__The data__:
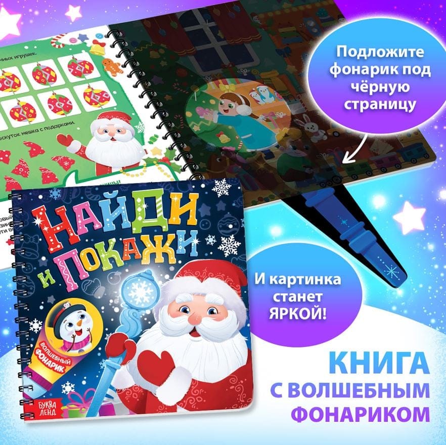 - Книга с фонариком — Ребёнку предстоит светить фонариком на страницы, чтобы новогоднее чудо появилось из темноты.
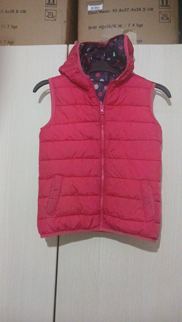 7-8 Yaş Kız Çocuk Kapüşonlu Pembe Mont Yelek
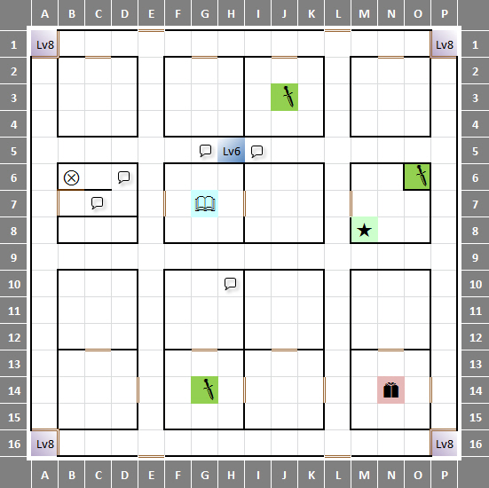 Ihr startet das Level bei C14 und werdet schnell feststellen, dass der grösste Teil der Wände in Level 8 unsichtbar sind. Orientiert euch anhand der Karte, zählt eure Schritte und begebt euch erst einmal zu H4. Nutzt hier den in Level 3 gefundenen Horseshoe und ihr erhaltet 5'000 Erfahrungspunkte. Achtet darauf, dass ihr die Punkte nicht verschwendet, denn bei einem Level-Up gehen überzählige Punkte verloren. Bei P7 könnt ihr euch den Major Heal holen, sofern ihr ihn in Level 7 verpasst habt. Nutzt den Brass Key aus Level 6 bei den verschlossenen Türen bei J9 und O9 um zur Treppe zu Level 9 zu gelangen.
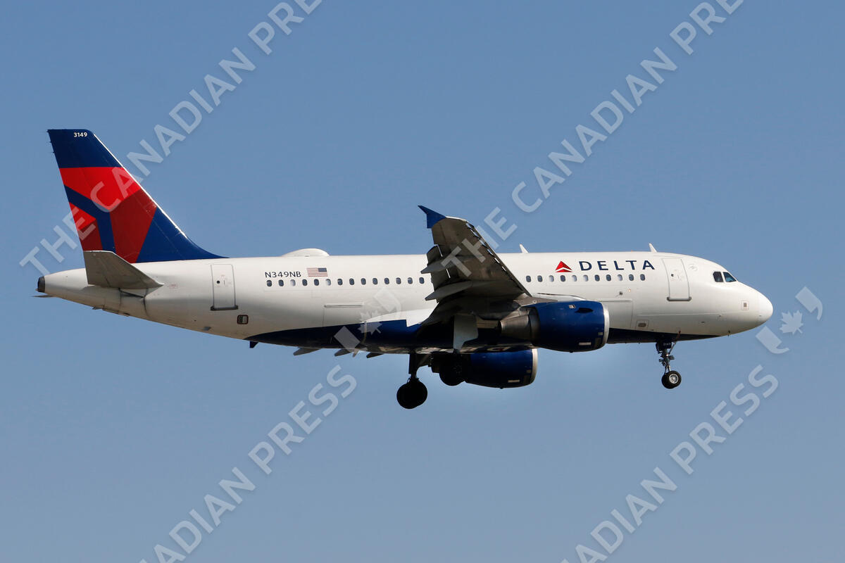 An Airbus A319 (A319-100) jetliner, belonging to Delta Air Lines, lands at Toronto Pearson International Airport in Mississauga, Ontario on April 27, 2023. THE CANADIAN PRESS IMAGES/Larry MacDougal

__Aim of the exercise__: Pictures are not part of the copy. Reproduce the lines from the one with "7-8 Yaş Kız Çocuk Kapüşonlu Pembe Mont Yelek" through the end of the listing above.

__Answer section__:
 7-8 Yaş Kız Çocuk Kapüşonlu Pembe Mont Yelek
 Ihr startet das Level bei C14 und werdet schnell feststellen, dass der grösste Teil der Wände in Level 8 unsichtbar sind. Orientiert euch anhand der Karte, zählt eure Schritte und begebt euch erst einmal zu H4. Nutzt hier den in Level 3 gefundenen Horseshoe und ihr erhaltet 5'000 Erfahrungspunkte. Achtet darauf, dass ihr die Punkte nicht verschwendet, denn bei einem Level-Up gehen überzählige Punkte verloren. Bei P7 könnt ihr euch den Major Heal holen, sofern ihr ihn in Level 7 verpasst habt. Nutzt den Brass Key aus Level 6 bei den verschlossenen Türen bei J9 und O9 um zur Treppe zu Level 9 zu gelangen.
 An Airbus A319 (A319-100) jetliner, belonging to Delta Air Lines, lands at Toronto Pearson International Airport in Mississauga, Ontario on April 27, 2023. THE CANADIAN PRESS IMAGES/Larry MacDougal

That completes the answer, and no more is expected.